= Yamaha Royal Star Tour Deluxe =

Cruiser type touring motorcycle

The Yamaha Royal Star Tour Deluxe is a cruiser type touring motorcycle built by the Yamaha Motor Company. It was introduced in 1997 and was manufactured, largely unchanged, until 2005 through the 2009 model year. The Royal Star Tour Deluxe uses the same framework as the Yamaha Royal Star Venture without the Venture's fairing, radio system, and trunk.

==Vehicle information==

===Appearance===

There are two basic models: standard and S. The standard model has brushed front forks while the S model has chrome front forks. The two models also have different color paint.

===Mechanical===

The Royal Star Tour Deluxe is a large motorcycle. Rider seat height is 29.1 in. It weighs 787 lb dry, which yields a weight of 844 lb with oil, coolant, and a full fuel tank. The Royal Star Tour Deluxe has a 67.5 in wheelbase. The shock absorbers are air adjustable for preload to help compensate for different load sizes. It has 9.3 gallons of storage in its hard side bags.

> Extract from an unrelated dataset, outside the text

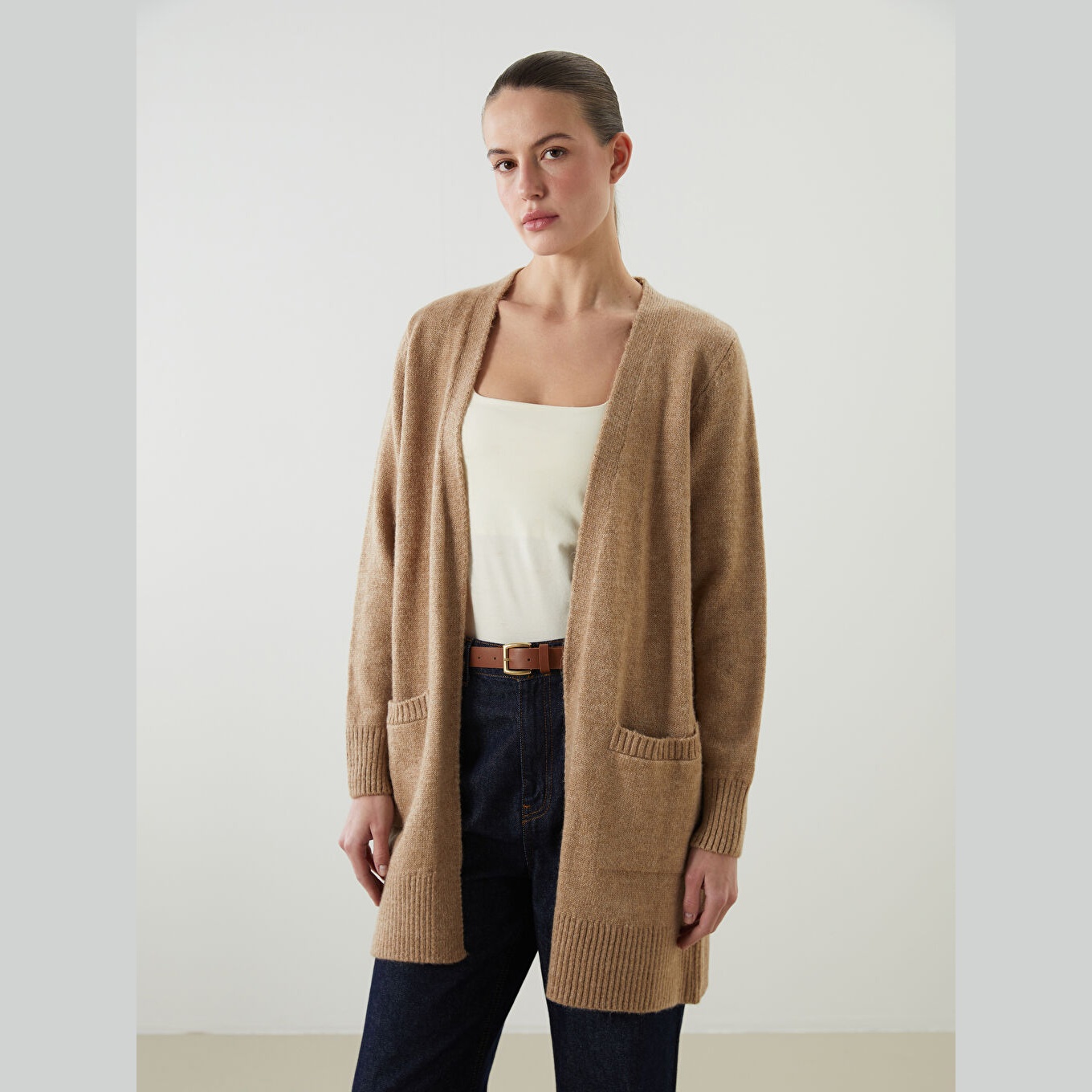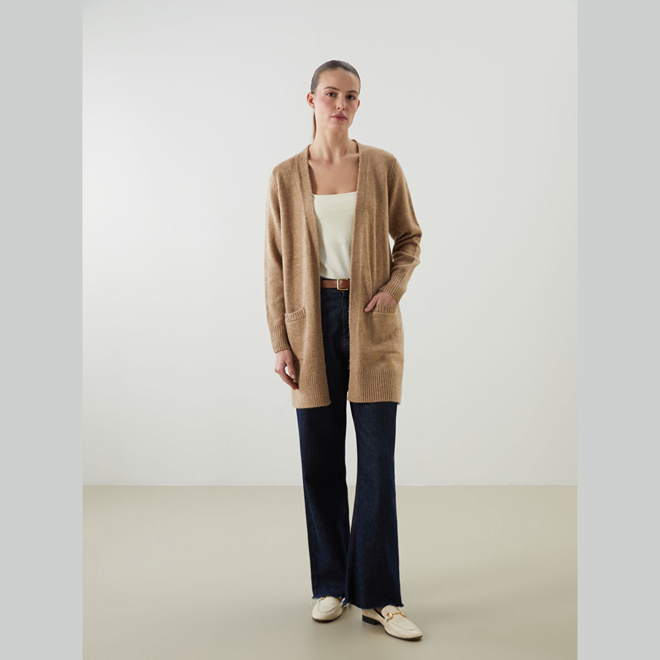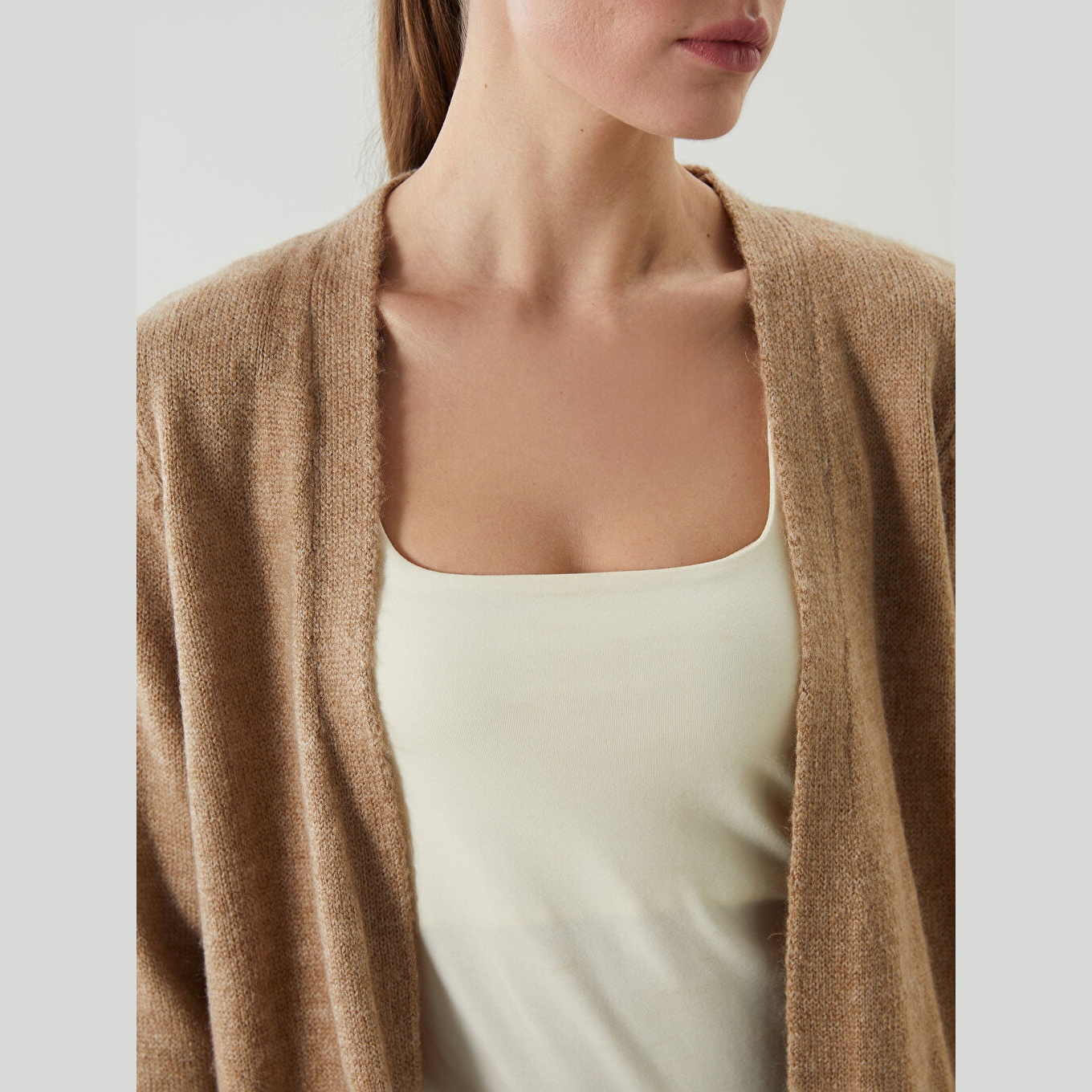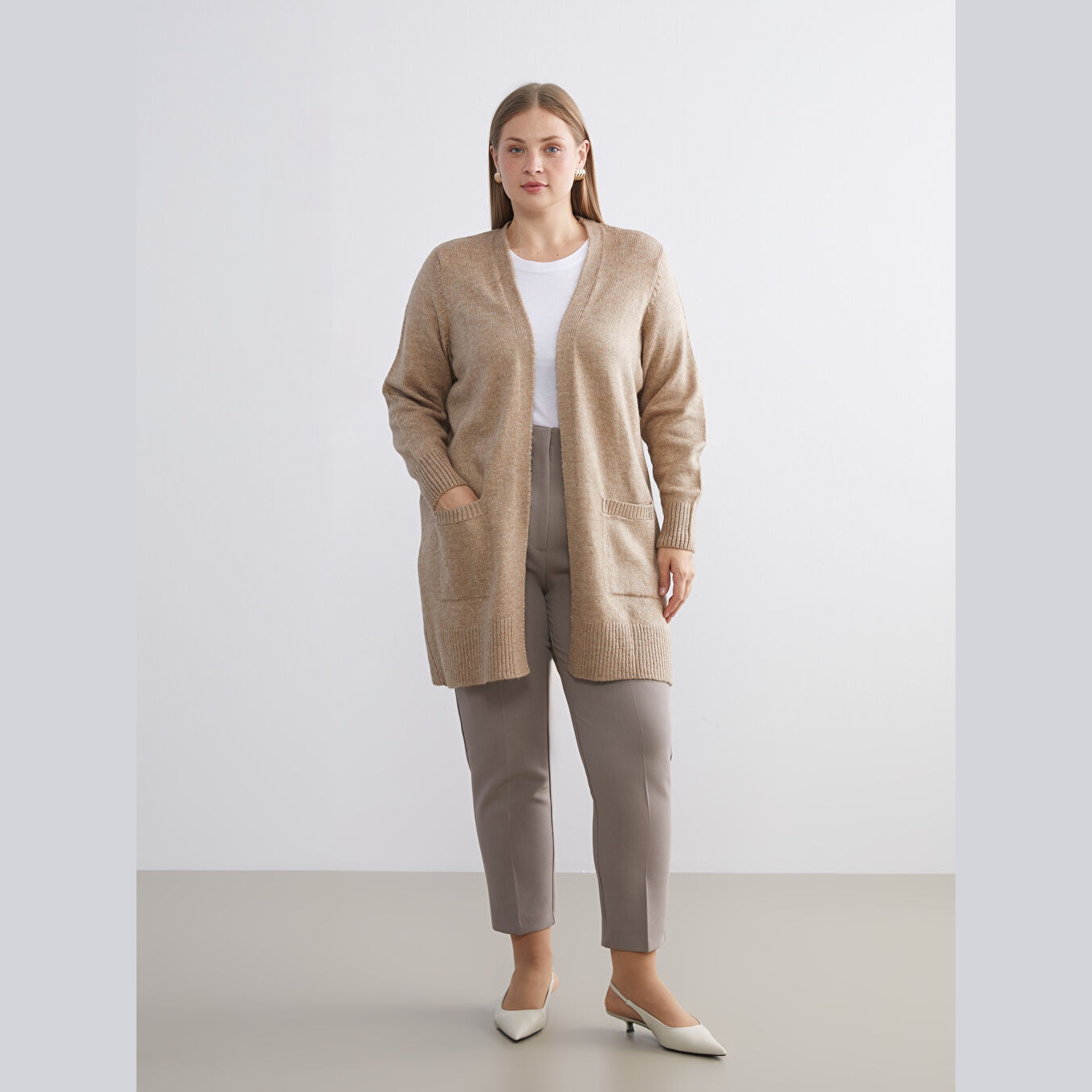 كارديغان دافئ من مجموعة LCWAIKIKI Classic بلون بني ترابي أنيق، مصمم بياقة شال (Şal Yaka) تضيف لمسة كلاسيكية وانسيابية، أكمام طويلة، قصة Loose & Bol تمنحك مظهرًا فضفاضًا وانسيابيًا، تصميم سادة بدون نقوش، خامة Triko سميكة بتركيبة تحتوي على 74% أكريليك و26% بوليستر، بطول يُقاس من الكتف، مخصص ضمن مجموعة Büyük Beden لتوفير ملاءمة مثالية للسيدات بمقاسات كبيرة، مثالي للتنسيق مع بناطيل قماش أو جينز لإطلالة شتوية أنيقة.

The drive package on the Royal Star Tour Deluxe is the same as the Yamaha Royal Star Venture including a liquid cooled 1298 cc (referred to as 1,300 cc) V4 engine. It has four valves per cylinder, overhead camshafts, and shim over bucket valves. The five speed overdrive transmission is part of the engine case and both the engine and transmission share oil. The drive shaft and final drive assembly are built into the left side of the double sided swing arm. Swing arm motion is damped by a monoshock mounted in the center of the frame. The clutch is of the wet plate design and is hydraulically activated by the left hand lever.

The brakes are all two piston design. Both front brakes are activated by the right hand lever. The rear brake is activated by the foot pedal on the right.